* _Data for the task_
-------------------------

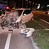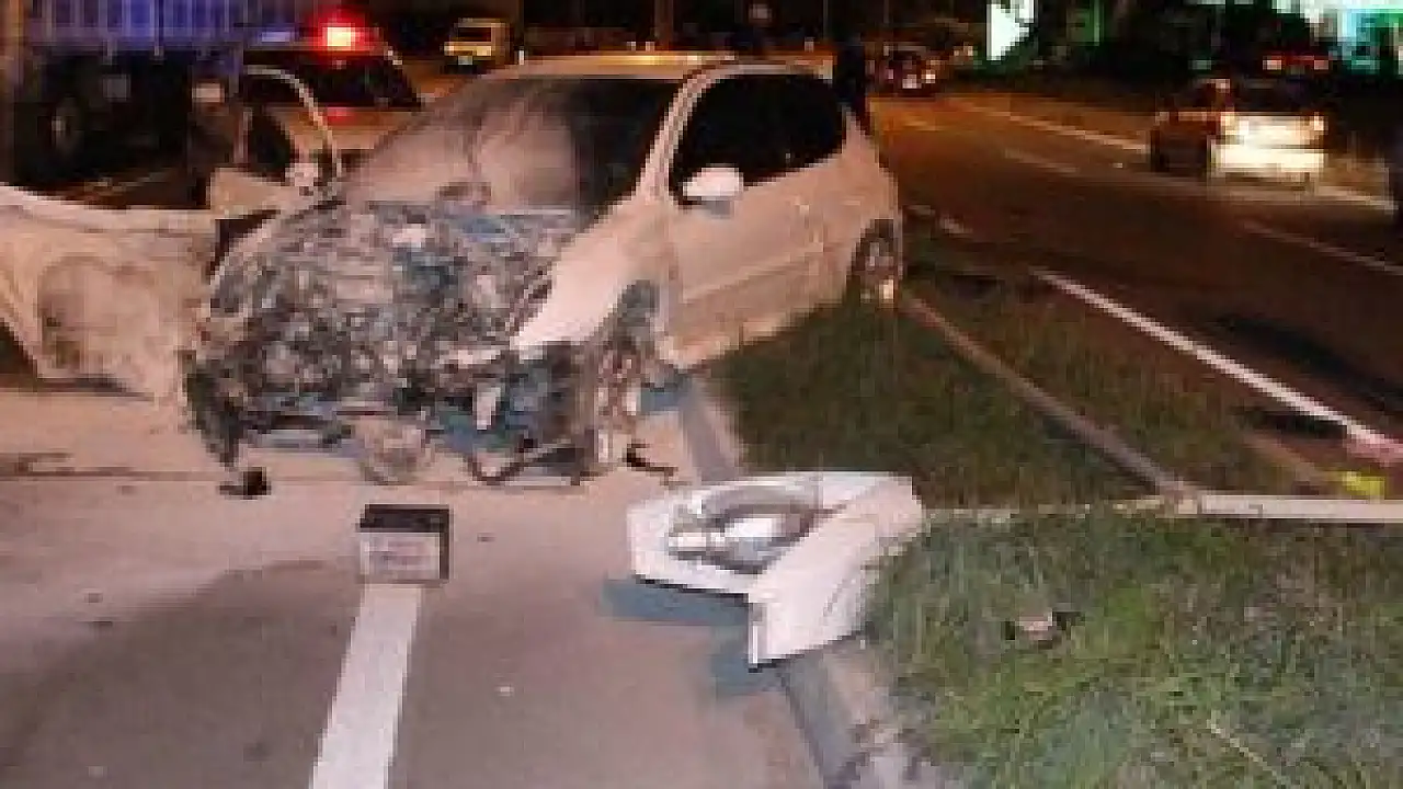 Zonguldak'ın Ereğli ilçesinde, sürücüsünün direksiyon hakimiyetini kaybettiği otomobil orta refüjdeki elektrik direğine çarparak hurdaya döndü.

-------------------------

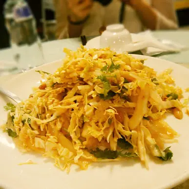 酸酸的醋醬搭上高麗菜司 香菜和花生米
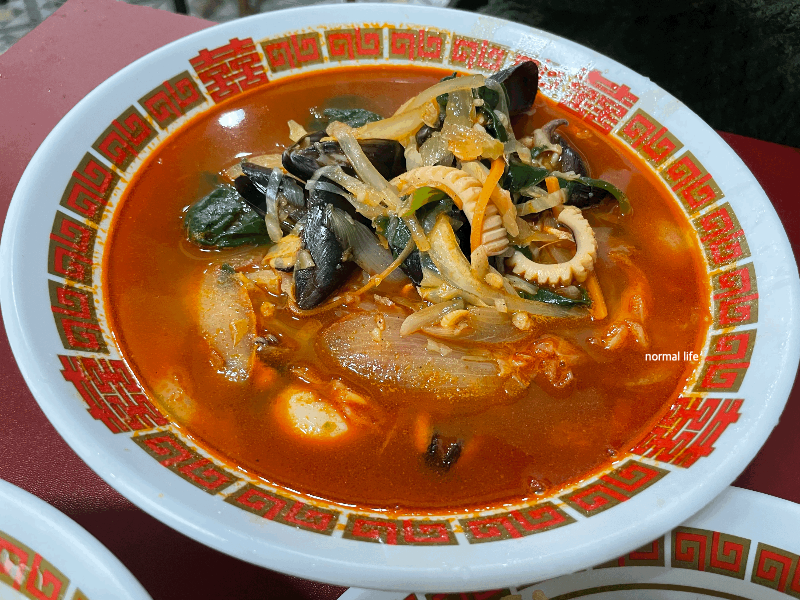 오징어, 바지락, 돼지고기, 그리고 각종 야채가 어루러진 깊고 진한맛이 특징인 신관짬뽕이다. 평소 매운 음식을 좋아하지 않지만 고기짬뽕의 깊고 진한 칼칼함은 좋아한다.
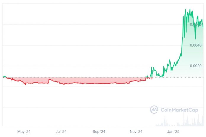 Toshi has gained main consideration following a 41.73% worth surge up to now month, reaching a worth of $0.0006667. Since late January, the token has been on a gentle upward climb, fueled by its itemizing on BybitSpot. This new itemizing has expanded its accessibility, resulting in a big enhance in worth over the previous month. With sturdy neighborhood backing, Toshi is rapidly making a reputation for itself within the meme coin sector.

-------------------------

* _What is required_
Since the pictures are not part of the copy, please transcribe only the lines above from the one with "酸酸的醋醬搭上高麗菜司 香菜和花生米" through the one with "Toshi has gained", exactly and with both ends.

* _Answer to the exercise_
 酸酸的醋醬搭上高麗菜司 香菜和花生米
 오징어, 바지락, 돼지고기, 그리고 각종 야채가 어루러진 깊고 진한맛이 특징인 신관짬뽕이다. 평소 매운 음식을 좋아하지 않지만 고기짬뽕의 깊고 진한 칼칼함은 좋아한다.
 Toshi has gained main consideration following a 41.73% worth surge up to now month, reaching a worth of $0.0006667. Since late January, the token has been on a gentle upward climb, fueled by its itemizing on BybitSpot. This new itemizing has expanded its accessibility, resulting in a big enhance in worth over the previous month. With sturdy neighborhood backing, Toshi is rapidly making a reputation for itself within the meme coin sector.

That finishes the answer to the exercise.